“All those who love must be known sooner or later as they are,
without pretense, their souls stripped bare.”
 ~
Caryll Houselander

 

“See up there, above the main altar? It’s the Gospel authors – Matthew, Mark, Luke and John.”

I was speaking to my Protestant students who’d accompanied me – voluntarily, no extra credit – to Notre Dame’s Sacred Heart Basilica for Mass. They were intrigued, and I was happy to be their guide.

Following the liturgy, we went forward to explore the apse and relics chapel, the statuary and numerous frescoes. As I pointed to the ceiling above the main altar and tabernacle, I commented that the four Evangelists – prophets of the New Covenant – were paired with four Old Testament prophets. “There’s David, I think, with the harp, and I’m not sure who those other two are,” I admitted. “But that one is definitely Moses. Can you see his horns – those beams of light sticking out of his head?”

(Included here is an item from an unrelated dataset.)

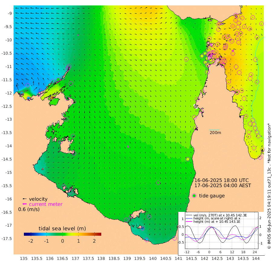 1cm/s -168T +3cm/s rms + 7cm/s -42T. ARA-GOC87 57m 35cm/s 164T +3cm/s rms + 2cm/s -2T. ARA-GOC87 60m 13cm/s -94T +2cm/s rms + 3cm/s 61T. ARA-GOC87 47m 113cm Daru 96cm Bobo Island 57cm Meer Island Barge 75cm Bramble Cay 99cm Unnamed Cay 85cm Pearce Cay 89cm Stephens Island 98cm Merrie England Shoals 114cm Mutacomal Reef 86cm Darnley Island Barge 62cm East Cay 96cm Yorke Island Barge 99cm Rennel Island 91cm Aureed Island 100cm Dungeness Reef 104cm Zagai Island 113cm Yam Island 110cm Dauan Island 108cm Saibai Island 92cm Phipi Reef 118cm Warrior Reef - West 84cm Mabuiag Island Barge 98cm Half Way Island 101cm Coconut Island 107cm Dugong Islet 103cm Poll Island 112cm Kirkcaldie Reef 92cm Suarji Island 109cm Sue Islet 68cm Hawkesbury Island 98cm Alert Patches 102cm Twin Island 65cm Badu Island 104cm St Pauls (Moa Island) 77cm Kubin (Moa Island) 91cm Ince Point 84cm Thursday Island 86cm Nardana Patches 76cm Turtle Head 63cm Round Island 57cm Goods Island 47cm Booby Island 43cm White Rocks Area 46cm Carpentaria 87cm Papou Point 51cm Bampfield Head 42cm Crab Island 56cm Red Wallis Island 78cm Packe Island 107cm Harrington Reef 75cm Herald Camp 34cm Sharp Point 63cm Red Island Point 71cm Possession Island 106cm Alpha Rock 106cm Frederick Point 112cm Wyborn Reef Light 114cm Tetley Island 61cm Triangle Reef 101cm Turtle Head Island 61cm Maclennan Cay 42cm Raine Island 93cm Mcsweeny Reef 86cm Collette Reef 63cm Shadwell Reef 89cm Hannibal Island 76cm Round Point 42cm Vrilya Point 72cm Cape Grenville 65cm Hicks Island 79cm Sir Charles Hardy Island 23cm Harvey Island 63cm Kay Reef 51cm Rocky Island 46cm Chapman Island 48cm Ham Reef 52cm Jubilee Reef 49cm Night Island 49cm Unnamed Reef No. 3 50cm Morris Island 45cm 1st 3 Mile Opening 51cm Creech Reef 59cm Fife Island 47cm Eden Reef 54cm Stanley Island 53cm Normanby River -115cm Yabooma Island -133cm Hutchison River -129cm Elcho Island -126cm North West Crocodile Island -46cm Cape Wessel -89cm Stevens Island -5cm Guluwuru Island -90cm Hopeful Bay -71cm Auster Point -64cm Two Island Bay -72cm Cadell Strait 171cm Mallison Island -21cm Melville Bay (Gove Harbour) -17cm Truant Island -8cm Cape Arnhem -26cm Cape Grey -33cm Hawk Island -55cm Milner Bay (Groote Eylandt) -47cm Cape Beatrice -49cm West Island -57cm Centre Island -35cm Mornington Island -30cm West Wellesley Islands -58cm Bountiful Island -106cm Albert River Mouth -135cm Sweers Island -94cm Karumba 9cm Nassau River Offshore 46cm Christmas Creek 38cm Archer River 50cm Boyd Point 42cm Weipa (Humbug Point) 33cm Pennefather River 47cm Cullen Point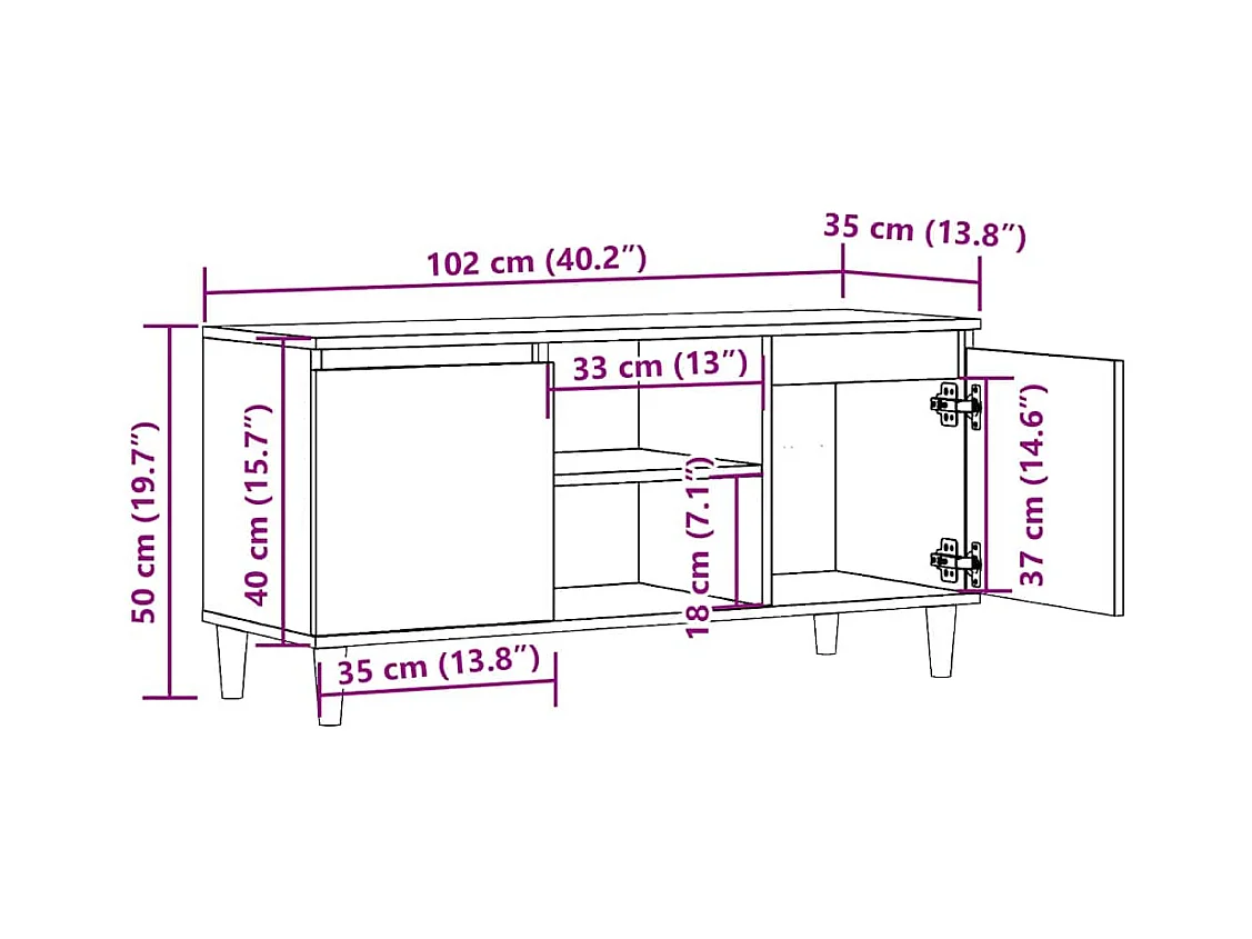 Meuble TV avec pieds en bois massif Chêne sonoma 103,5x35x50 cm

My students gave me a blank look – horns? “Oh, yeah, you probably don’t know about that,” I said. “It’s a Catholic thing, based on a mistranslation in an early Latin version of the Bible.” I had them look back and up at the apse. “There he is with the shiny horns again, holding the tablets of the Law. And if you check out the ‘First Down Moses’ statue near the library, you’ll see that he has horns there, too – and they’re actually animal horns!”

I reminded them of what Scripture reports about Moses encountering the Lord on Mount Sinai. As the prophet descended from the heights with the Ten Commandments in hand, it was plainly evident that he’d been transformed by the Theophanous encounter. “The skin of his face shone because he had been talking with God,” reads Exodus in modern translation, and it was such an extraordinary phenomenon that the Israelites were “afraid to come near him” (Exodus 34:29-30, RSV). Moses took to veiling his face when addressing the people – a signal that the radiance was an extension of the divine presence. But it’s likely that the veil also simply served the purpose of allaying the people’s fears and helped them cope with Moses’ alarming appearance.

Imagine how much more alarming it would’ve been if Moses had come down off Sinai sporting a couple horns on his head. That’s how St. Jerome, author of the authoritative, fourth-century Latin Vulgate translation, interpreted the Hebrew word qaran in the relevant Exodus passages, and it’s true that the word can mean both “sending out rays of light” as well as “horned.” But while contemporary translators have universally adopted the word’s luminous sense, it was Jerome’s Vulgate that held sway in the Church for hundreds of years, and artisans followed suit.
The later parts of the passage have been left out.